• **Extracted data**

::::

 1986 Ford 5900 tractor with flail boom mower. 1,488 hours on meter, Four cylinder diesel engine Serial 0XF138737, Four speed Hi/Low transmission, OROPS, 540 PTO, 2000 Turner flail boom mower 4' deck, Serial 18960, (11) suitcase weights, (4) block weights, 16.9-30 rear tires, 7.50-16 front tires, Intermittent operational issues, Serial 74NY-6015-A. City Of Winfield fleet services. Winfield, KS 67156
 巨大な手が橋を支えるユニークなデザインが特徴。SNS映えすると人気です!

::::

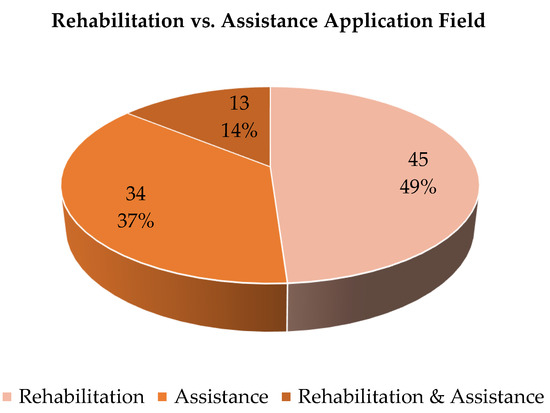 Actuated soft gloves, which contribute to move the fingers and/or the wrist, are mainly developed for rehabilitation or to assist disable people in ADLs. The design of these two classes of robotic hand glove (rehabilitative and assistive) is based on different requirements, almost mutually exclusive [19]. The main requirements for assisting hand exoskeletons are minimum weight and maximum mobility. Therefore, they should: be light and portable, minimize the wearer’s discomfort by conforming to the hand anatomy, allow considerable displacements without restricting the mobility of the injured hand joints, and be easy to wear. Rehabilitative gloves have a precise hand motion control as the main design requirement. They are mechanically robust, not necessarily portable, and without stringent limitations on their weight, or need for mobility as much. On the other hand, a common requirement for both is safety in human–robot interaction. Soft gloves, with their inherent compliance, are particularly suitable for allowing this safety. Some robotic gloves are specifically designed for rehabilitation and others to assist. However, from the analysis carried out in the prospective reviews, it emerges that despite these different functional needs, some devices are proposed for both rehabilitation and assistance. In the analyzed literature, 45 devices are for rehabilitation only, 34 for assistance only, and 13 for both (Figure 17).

::::

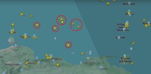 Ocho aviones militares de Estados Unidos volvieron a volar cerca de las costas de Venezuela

::::

• **Problem**
Would you retype the lines above from the one with "1986 Ford 5900" down to the one with "巨大な手が橋を支えるユニークなデザインが特徴。SNS映えすると人気です!", word for word, both ends included and no other lines?

• **Answer for this exercise**
 1986 Ford 5900 tractor with flail boom mower. 1,488 hours on meter, Four cylinder diesel engine Serial 0XF138737, Four speed Hi/Low transmission, OROPS, 540 PTO, 2000 Turner flail boom mower 4' deck, Serial 18960, (11) suitcase weights, (4) block weights, 16.9-30 rear tires, 7.50-16 front tires, Intermittent operational issues, Serial 74NY-6015-A. City Of Winfield fleet services. Winfield, KS 67156
 巨大な手が橋を支えるユニークなデザインが特徴。SNS映えすると人気です!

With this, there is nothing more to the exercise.